John Colcol (John), born on June 9, 1983, was employed as electrician by Scanmar
Maritime Services, Inc., on board the vessel Maersk Danville, since February 2008. As such, he
was enrolled under the government's Employees' Compensation Program (ECP). Unfortunately,
on June 2, 2008, an accident occurred on board the vessel whereby steel plates fell on John,
which led to his untimely death the following day.

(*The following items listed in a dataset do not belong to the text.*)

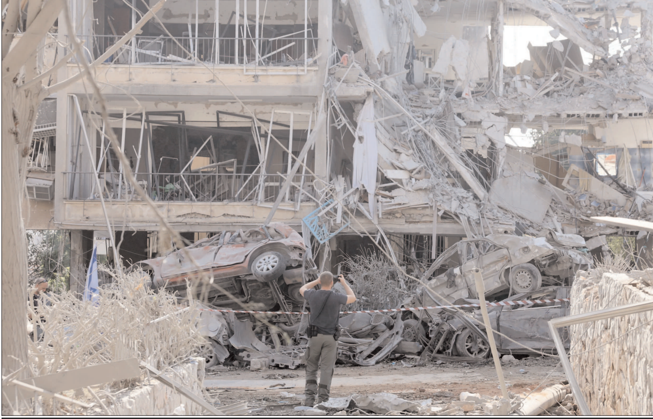
TELAVIV: An Israeli police officer inspecting a damaged residential building after a ballistic missile strike in Ramat Gan.

Iran has named the retaliatory strikes "Operation True Promise 3" with a senior Iranian
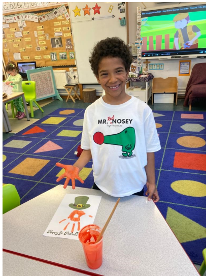
Beech Class had St Patrick's Day fun with this 'handy' art!
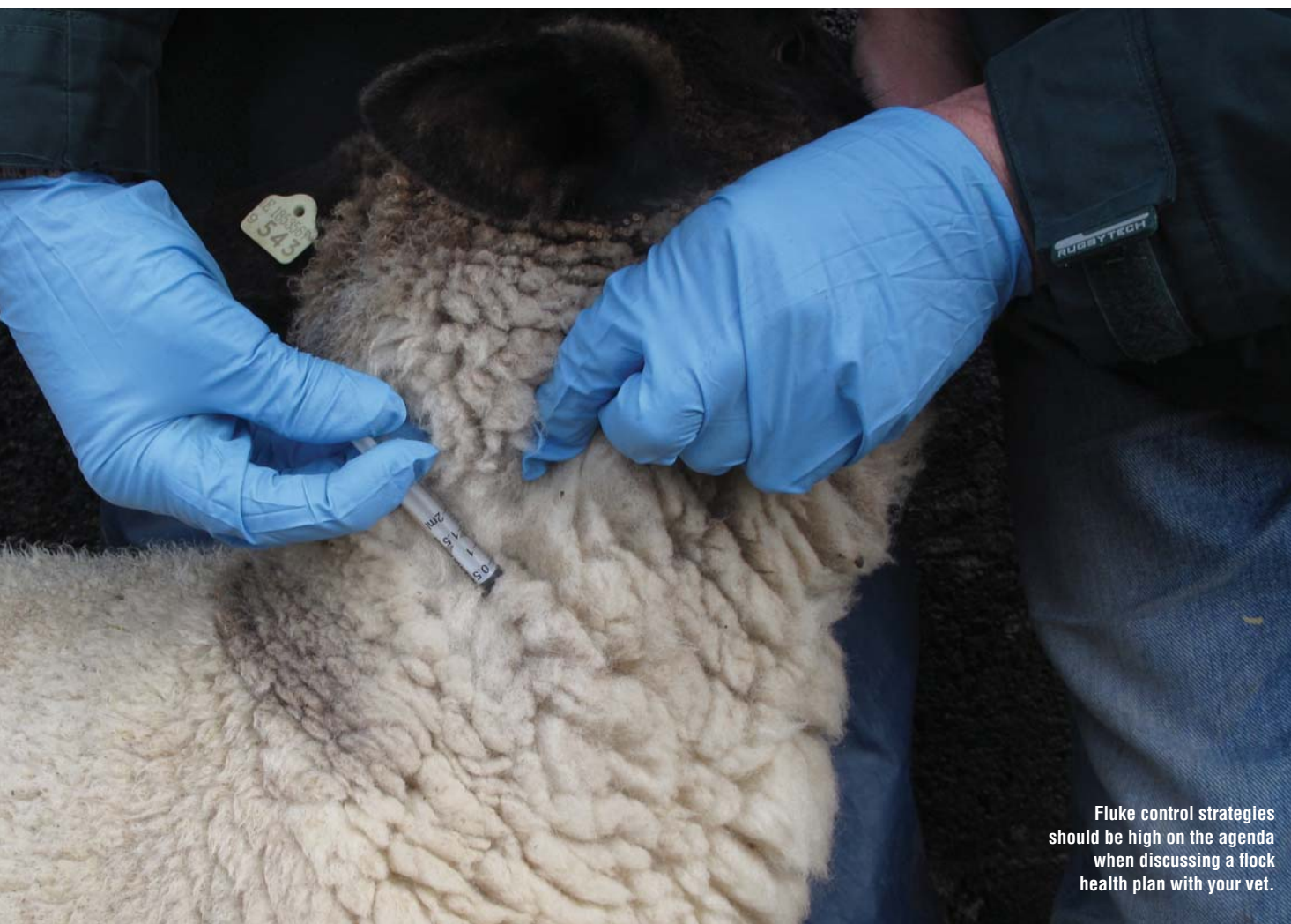
Fluke control strategies should be high on the agenda when discussing a flock health plan with your vet.

stage of development. The presence of rumen fluke eggs in the sample does not always warrant treatment. Consult your vet in relation to this.
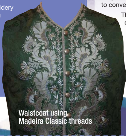
Waistcoat using Madeira Classic threads
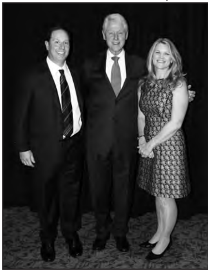
Centennial Speaker Bill Clinton

John was, at the time of his death, childless and unmarried. Thus, petitioner Bernardina
P. Bartolome, John’s biological mother and, allegedly, sole remaining beneficiary, filed a claim
for
death benefits under PD 626 with the Social Security System (SSS) at San Fernando City, La
Union.
However, the SSS La Union office denied the claim stating that she is no longer the
parent of John as he was legally adopted by Cornelio Colcol based on the documents submitted
to them. The denial was appealed tot he Employees’ Compensation Commission (ECC), which
affirmed the ruling of the SSS La Union Branch through the assailed Decision, the dispositive
portion of which reads:
As culled from the records, John and his sister Elizabeth were adopted by their
great grandfather, petitioner’s grandfather, Cornelio Colcol (Cornelio), by virtue of the
Decision in Spec. Proc. No. 8220-XII of the Regional Trial Court in Laoag City dated
February 4, 1985, which decree of adoption attained finality. Consequently, as argued by
the agencies, it is Cornelio who qualifies as John’s primary beneficiary, not petitioner.
Neither would petitioner qualify as John’s secondary beneficiary even if it were proven
that Cornelio has already passed away.

Under Article 167 (j) of P.D. 626, as amended, provides (sic) that beneficiaries are the
"dependent spouse until he remarries and dependent children, who are the primary
beneficiaries. In their absence, the dependent parents and subject to the restrictions imposed
on dependent children, the illegitimate children and legitimate descendants who are the
secondary beneficiaries; Provided; that the dependent acknowledged natural child shall be
considered as a primary beneficiary when there are no other dependent children who are
qualified and eligible for monthly income benefit."
The dependent parent referred to by the above provision relates to the legitimate parent
of the covered member, as provided for by Rule XV, Section 1 (c) (1) of the Amended Rules on
Employees’ Compensation. This Commission believes that the appellant is not considered a
legitimate parent of the deceased, having given up the latter for adoption to Mr. Cornelio C.
Colcol. Thus, in effect, the adoption divested her of the status as the legitimate parent of the
deceased.
Aggrieved, petitioner filed a Motion for Reconsideration, which was likewise denied by
the ECC. Hence, the instant petition.